*Task directions:* Below this sentence is a listing; return exactly its lines from the one with "For example, if" to the one with "Woman’s Day suggests", both kept, and nothing more.

*Records supplied:*
* * * * * * * * *

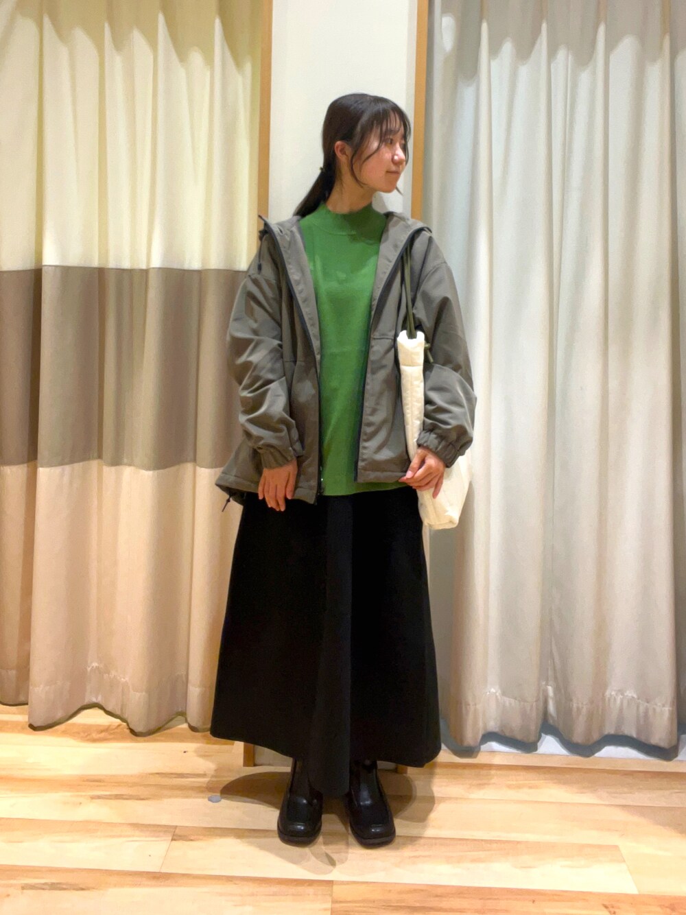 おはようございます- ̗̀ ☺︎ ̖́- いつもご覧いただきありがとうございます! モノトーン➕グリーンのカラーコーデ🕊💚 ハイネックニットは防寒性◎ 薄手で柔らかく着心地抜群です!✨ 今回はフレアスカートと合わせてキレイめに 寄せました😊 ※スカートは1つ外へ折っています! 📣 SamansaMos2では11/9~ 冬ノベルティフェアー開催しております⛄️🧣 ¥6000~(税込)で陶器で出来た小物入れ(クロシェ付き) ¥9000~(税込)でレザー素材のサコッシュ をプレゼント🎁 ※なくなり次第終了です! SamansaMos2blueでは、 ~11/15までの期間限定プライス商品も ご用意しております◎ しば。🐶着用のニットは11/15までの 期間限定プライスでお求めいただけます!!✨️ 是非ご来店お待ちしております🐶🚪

* * * * * * * * *

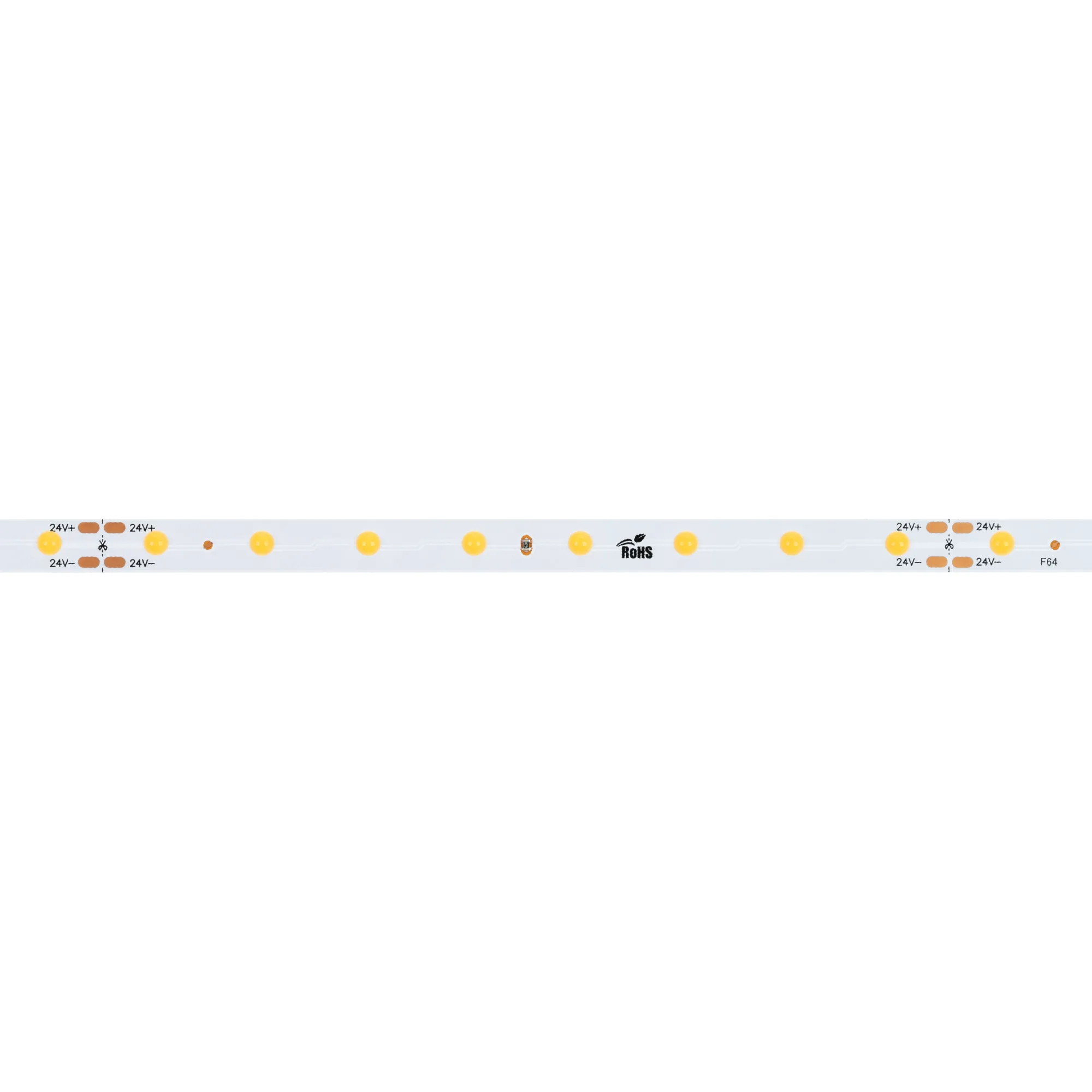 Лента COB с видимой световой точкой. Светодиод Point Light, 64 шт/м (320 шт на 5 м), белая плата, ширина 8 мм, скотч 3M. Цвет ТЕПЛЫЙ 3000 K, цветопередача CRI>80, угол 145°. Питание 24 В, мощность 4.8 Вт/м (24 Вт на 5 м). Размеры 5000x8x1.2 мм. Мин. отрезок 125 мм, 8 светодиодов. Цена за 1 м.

* * * * * * * * *

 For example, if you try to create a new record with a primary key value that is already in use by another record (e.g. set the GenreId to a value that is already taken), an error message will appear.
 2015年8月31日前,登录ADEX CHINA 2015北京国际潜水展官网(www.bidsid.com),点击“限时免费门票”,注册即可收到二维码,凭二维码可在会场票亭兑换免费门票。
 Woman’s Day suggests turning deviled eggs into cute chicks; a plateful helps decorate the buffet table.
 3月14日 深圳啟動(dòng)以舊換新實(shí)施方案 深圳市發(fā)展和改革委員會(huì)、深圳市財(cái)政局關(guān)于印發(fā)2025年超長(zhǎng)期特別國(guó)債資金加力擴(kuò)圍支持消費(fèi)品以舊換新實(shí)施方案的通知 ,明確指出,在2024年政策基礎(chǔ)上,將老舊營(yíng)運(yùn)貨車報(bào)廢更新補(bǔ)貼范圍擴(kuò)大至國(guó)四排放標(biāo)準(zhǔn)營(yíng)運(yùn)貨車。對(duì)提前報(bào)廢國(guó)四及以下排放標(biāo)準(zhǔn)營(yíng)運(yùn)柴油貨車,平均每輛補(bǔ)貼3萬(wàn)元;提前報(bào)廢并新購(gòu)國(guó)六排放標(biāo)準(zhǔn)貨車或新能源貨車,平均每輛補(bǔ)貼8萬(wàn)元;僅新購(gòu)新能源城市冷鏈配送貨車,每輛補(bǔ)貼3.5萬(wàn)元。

* * * * * * * * *

*Answer space:*
 For example, if you try to create a new record with a primary key value that is already in use by another record (e.g. set the GenreId to a value that is already taken), an error message will appear.
 2015年8月31日前,登录ADEX CHINA 2015北京国际潜水展官网(www.bidsid.com),点击“限时免费门票”,注册即可收到二维码,凭二维码可在会场票亭兑换免费门票。
 Woman’s Day suggests turning deviled eggs into cute chicks; a plateful helps decorate the buffet table.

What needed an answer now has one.